2002 (English)Doctoral thesis, monograph (Other academic)
Abstract [en]

Early eighteenth-century serious drama often addresses the significance of liberty. This study focuses on the theme of civic and individual liberty in the little known tragedies of James Thomson, Sophonisba, Agamemnon and Tancred and Sigismunda, all of which problematise the condition of liberty under the influence of ideology.

Situating the plays in the political, ideological and philosophical debates of the day, this study, like previous research in the field, recognises Thomson’s connection with the political opposition to the Whig ministry. However, the plays are examined from a historical perspective as a response to tenets that, although similar to those embraced by the political opposition, were actually part of government Whig and Tory ideologies, as well as of contemporary thought about the individual as a social being.

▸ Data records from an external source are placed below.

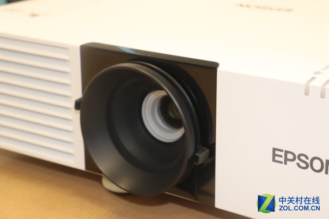 爱普生CB-L500激光投影机的调焦环位于机身的镜头上,只需轻旋调焦环即可实现1.6倍变焦操作,十分方便;另外机身还配有各种指示灯,方便用户查看机器此时的状态;机身侧面设有大面积的散热孔,方便热量散出,更好的保护机身。
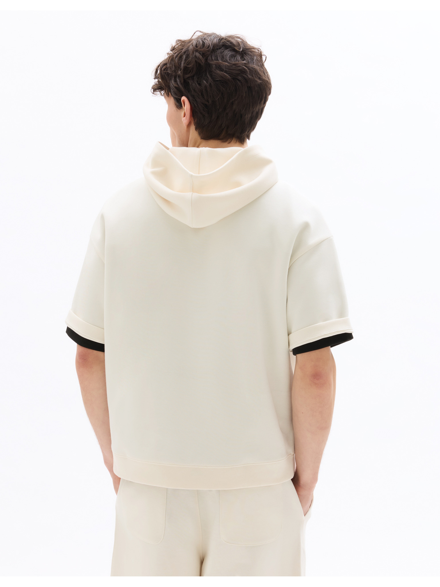 Pánské bavlněné tričko s kapucí - béžové V5 OM-TSCT-0256 Ombre Clothing
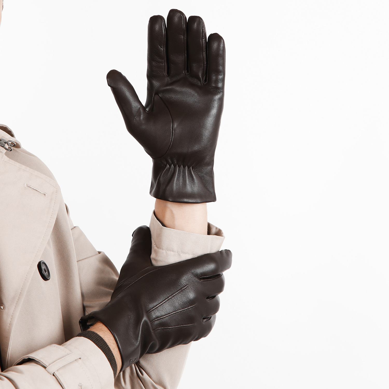 Классические мужские перчатки FABRETTI в коричневом оттенке выполнены из натуральной кожи ягненка и отличаются гладкой фактурой. Лицевая сторона украшена строчкой в виде 3 лучей. Резинка на внутренней стороне манжеты обеспечивает удобное расположение модели на запястье.  Подкладка из натуральной шерсти поможет комфортно себя чувствовать в холодную погоду. Прекрасный вариант для морозной погоды.
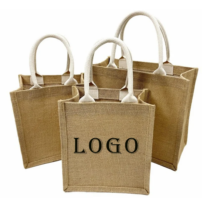 Экологически чистая переработанная Джутовая сумка для покупок большая с индивидуальным печатным логотипом
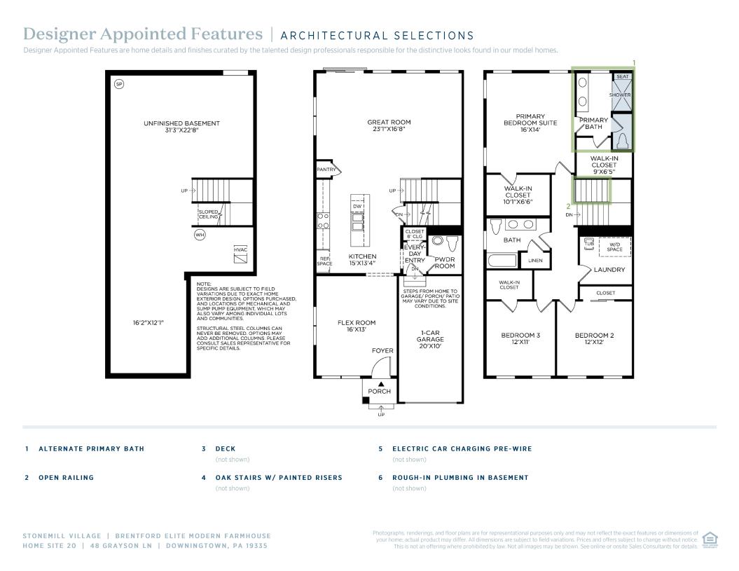 The Brentford Elite offers a comfortable and flexible layout designed for modern living. A welcoming foyer opens to a versatile flex room, ideal for a home office, formal dining, or creative space. The spacious great room connects seamlessly to the kitchen, which features a center island and pantry. A nearby powder room adds convenience for guests, while the everyday entry off the one-car garage includes a closet for effortless organization. Upstairs, the private primary suite features two walk-in closets and a spa-inspired bath with a dual-sink vanity and a spacious shower. Two secondary bedrooms share a full hall bath, and the laundry room is thoughtfully positioned nearby for easy access.
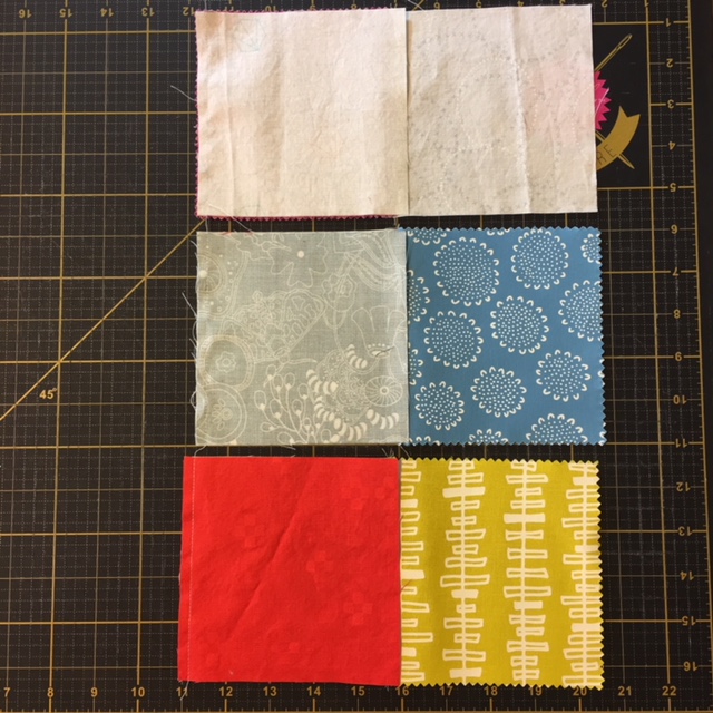 We will use nine 5-inch squares for each block. Four will be low volume and five will be bright colors that contrast well with the low volume fabrics.
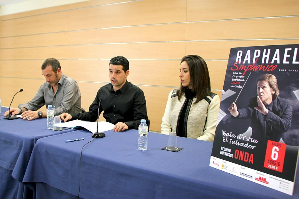Raphael actuará el 6 de agosto, a partir de las 23 horas, en un concierto en el que estará acompañado por la Societat Artístico-Musical Vila d'Onda (SAMVO). Así ha anunciado el concejal de fiestas del Ayuntamiento de Onda y presidente del Consell de Festes, Asensio Blaya, la actuación del ilustre artista español, que tendrá lugar en el Recinto Multiusos, con motivo de la celebración de las fiestas patronales en honor al Santísimo Salvador.
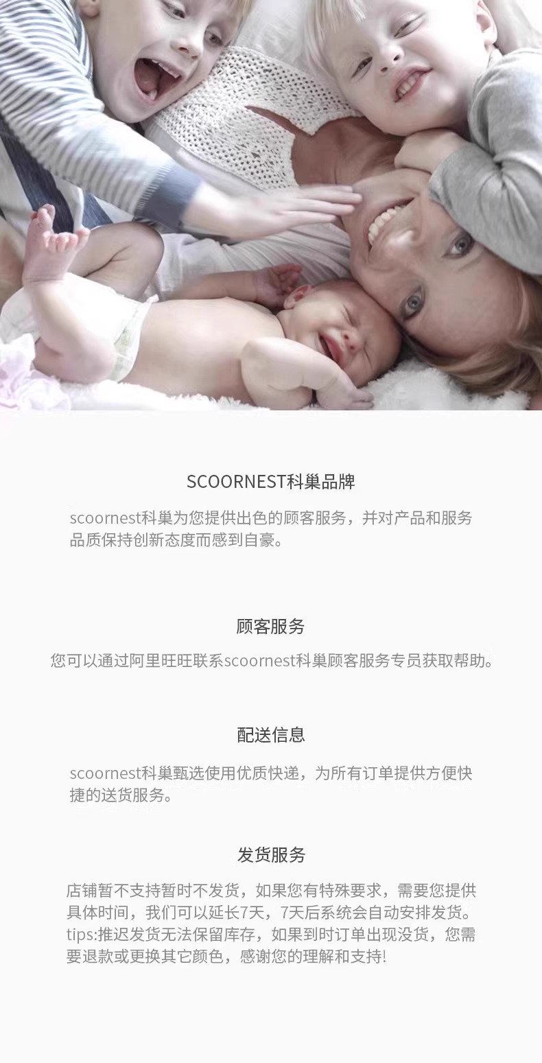 - Scoornest始终秉承给每一位宝宝送去科学的、关心的、创新的成长体验,通过提供商品和服务,使顾客形成守护、发展、巩固这种弥足珍贵的亲情的爱。

The plays enact, it is argued, the problems involved in establishing and maintaining civic and individual liberty. What emerges is a set of binary relationships: private liberty is opposed to public duty; one country’s national liberty is set against another’s; a class-related stress on public social virtue is pitted against a more privately oriented social virtue. The tensions generated by these conflicting concepts of liberty influence the actions of the characters and the outcome of the tragedies. The tragic effect of Thomson’s plays arises, in large part, from an implicit suggestion that ideology is an insufficient means of upholding civic and individual liberty. The very tragedy of liberty springs from the realisation that civic liberty may in fact be impossible to sustain.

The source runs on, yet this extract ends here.